With the damage, as you state, the ship could only stay afloat with up to 4 compartments, yet less damage/surface area open to the sea would reduce the flow of water entering and therefore increase the time it took to sink. If it took an extra 4 hours to sink, nearly everyone could have been saved. Napkin math would lead us to believe a 200' tear would let in 1/3 less water than a 300' tear. However, we also live in the 3D world, and some of the hull plates are reported to be separated by up to 1', if the ship turned a little bit sooner perhaps the hull plate separation would only be 6" further reducing the overall surface area open to the sea
 
Last edited:
they don't seem to reduce the speed due to the engines being ordered to stop, I'd love to know how they came to that conclusion as that's what I'm trying to figure out
I'm not clear what exactly you are trying to figure out. A ship isn't like a car. Stopping the engines wouldn't instantly reduce the speed. It really isn't hard to figure out that the engine orders, even if carried out instantly, wouldn't have much effect on the speed in the time available before the impact.
a 200' tear would let in 1/3 less water than a 300' tear
Not entirely true because a lot depends on the geometry of the tear, but lets not quibble about that. It would still be vastly in excess of the capacity of the pumps so the eventual outcome is unchanged, and it wouldn't extend the sinking time enough to change the prospects of rescue.
I also notice that you have been even more optimistic than before and reduced the postulated length of damage even further, despite my argument that a reduced speed does not necessarily mean reduced damage.
some of the hull plates are reported to be separated by up to 1', if the ship turned a little bit sooner perhaps the hull plate separation would only be 6"
Where have you got that figure? Are you perhaps referring to hull damage on the wreck? There is nothing in the accounts of the collision to suggest that there were any openings of that width. The calculated total area of the openings divided by the length of damage gives an average width of between 0.5" and 0.75" depending on which figures you choose. The small size of that figure was what led Edward Wilding to believe that the damage must have been intermittent and modern evidence supports that opinion, but openings of up to a foot in the collision damage would be very difficult to believe.
 
Last edited:
I'm not clear what exactly you are trying to figure out. A ship isn't like a car. Stopping the engines wouldn't instantly reduce the speed. It really isn't hard to figure out that the engine orders, even if carried out instantly, wouldn't have much effect on the speed in the time available before the impact.
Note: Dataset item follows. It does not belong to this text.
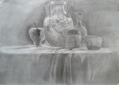 《素描静物瓶瓶罐罐》
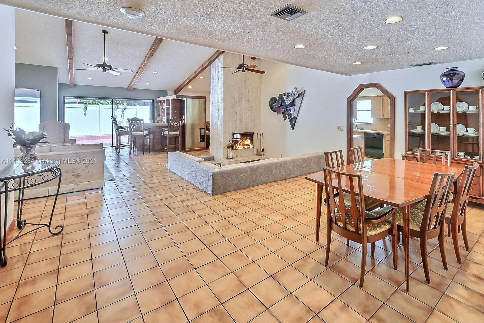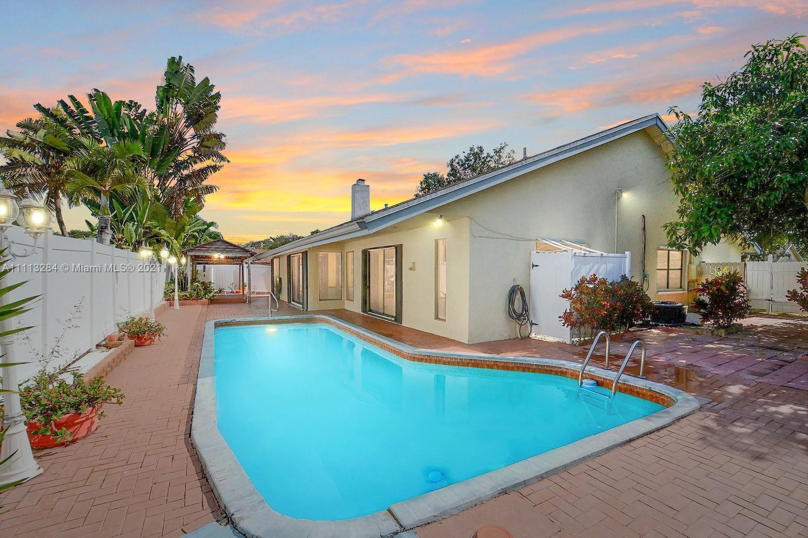 FANTASTIC OPPORTUNITY TO LIVE IN WOODBRIDGE, PEMBROKE PINES. SPACIOUS POOL HOME FEATURES 4 BEDS, 2.5 BATHS, OPEN FLOOR PLAN WITH FAMILY, LIVING & DINING ROOMS. SOARING CEILINGS WITH BEAUTIFUL WOOD BEAMS & ROMANTIC WOOD BURNING FIREPLACE. LARGE PRIMARY BEDROOM WITH ENSUITE BATH. GREAT HOME FOR ENTERTAINING FAMILY AND FRIENDS WITH BUILT-IN BAR, GAZEBO AND REFRESHING POOL ON FENCED BACKYARD. LUSHLY LANDSCAPED BACKYARD WITH LOTS OF SHADE AND TWO MANGO TREES. CIRCULAR DRIVEWAY AND NO HOA! FANTASTIC CENTRAL LOCATION CLOSE TO SHOPS, RESTAURANTS AND EASY ACCESS TO HIGHWAYS.

Not entirely true because a lot depends on the geometry of the tear, but lets not quibble about that. It would still be vastly in excess of the capacity of the pumps so the eventual outcome is unchanged, and it wouldn't extend the sinking time enough to change the prospects of rescue.
I also notice that you have been even more optimistic than before and reduced the postulated length of damage even further, despite my argument that a reduced speed does not necessarily mean reduced damage.

Where have you got that figure? Are you perhaps referring to hull damage on the wreck? There is nothing in the accounts of the collision to suggest that there were any openings of that width. The calculated total area of the openings divided by the length of damage gives an average with of between 0.5" and 0.75" depending on which figures you choose. The small size of that figure was what led Edward Wilding to believe that the damage must have been intermittent and modern evidence supports that opinion, but openings of up to a foot in the collision damage would be very difficult to believe.

You seem to be missing my keywords such as "napkin math" and did the prop bleed off .1kt or more of speed (not instantly drop like a car)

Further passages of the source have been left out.